I have a client with a self hosted WordPress blog with 5000+ posts dating back several years that I'm creating a new template for. When the site is done, it will be moved to a new domain and the old domain needs to point to everything matching on the new domain with a 301 redirect.

Since the new WP-blog will have the same content and link structure/permalinks, images etc, I have prepared a .htaccess file to put on the old domain's server with a rewrite condition which simply will rewrite the domain and then makes an exception for a couple of pages that will have changed URLs after the move.

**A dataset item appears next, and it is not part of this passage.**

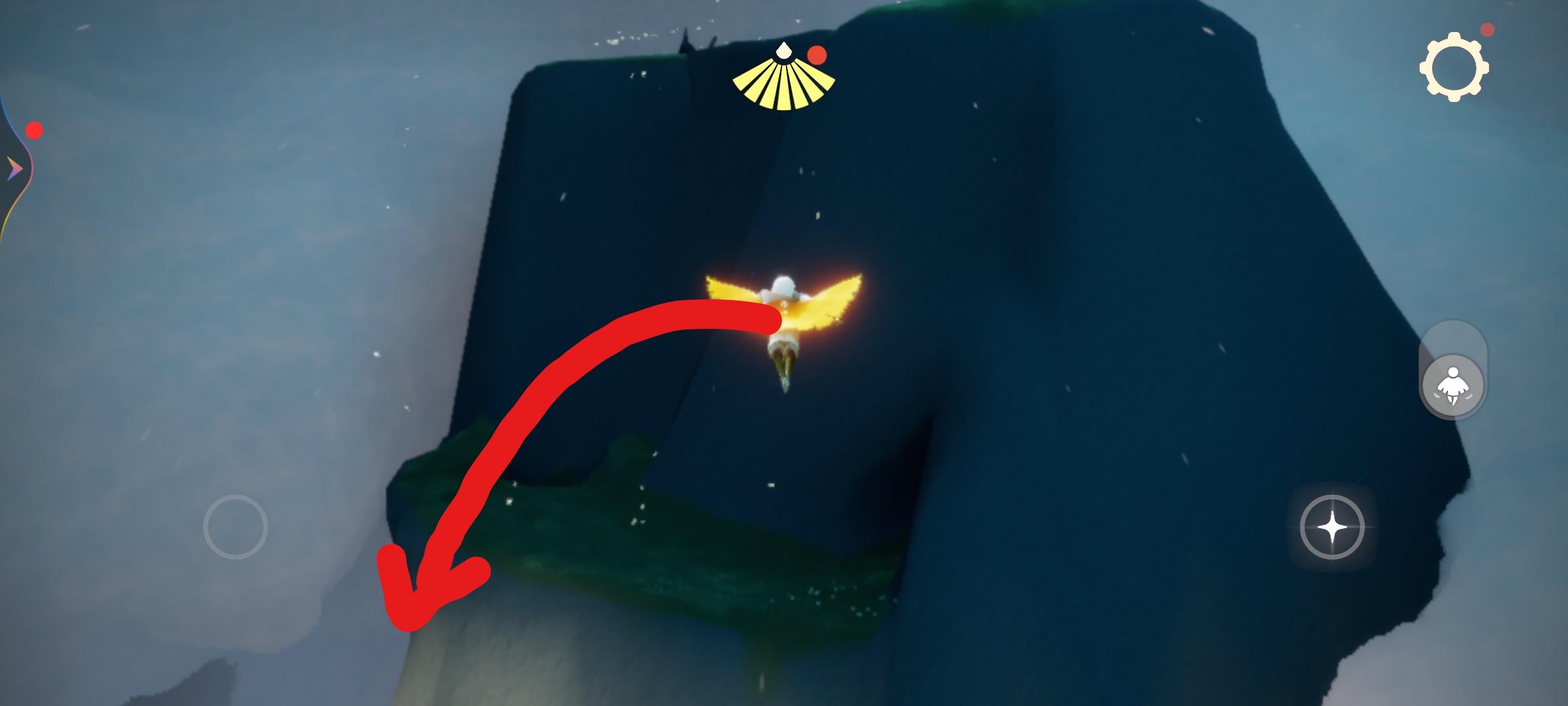 2、到了之后可以看见一个黑色大山洞,往箭头方向飞;
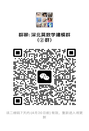 请计划参加2026年全国大学生数学建模竞赛或者对数学建模感兴趣的同学加入下面的深圳北理莫斯科大学数学建模竞赛2群(数学建模1群已接近微信群上限500人)。通知上待定腾讯会议号的将在数学建模1群和2群里通知。

However, my client has talked with a SEO-export which according to the client says there's a better way of doing this by identifying the posts getting most traffic in the Google search results and handle them individually in some way(?). I think my client sent the SEO expert my .htaccess code but I'm not sure if it was communicated correctly about the site keeping the same structure as before or not.

My .htaccess code (added blank space after http:// to not be auto links here):

Options +FollowSymLinks
RewriteEngine on
RewriteCond %{REQUEST_URI} !=/oldpage1
RewriteCond %{REQUEST_URI} !=/oldpage2
Redirect 301 /oldpage1 http:// www.newdomain.com/newpage1
Redirect 301 /oldpage2 http:// www.newdomain.com/newpage2
ErrorDocument 404 /customers/e/7/9/newdomain.com//httpd.www/404
RewriteRule (.*) http:// www.newdomain.com$1 [R=301,L]

Have I missed anything? Could it be that handling some selected good ranking posts individually will keep the SEO values slightly better than just having all of them in "bulk" with the RewriteRule? Such as: Redirect 301 /oldtoprankingpage http:// www.newdomain.com/newtoprankingpage ?

1 Answer 1


If you are only changing of domain name while keeping the rest of the URLs identical, then handling redirects for some special pages separately will not provide any SEO benefits. Bulk is fine.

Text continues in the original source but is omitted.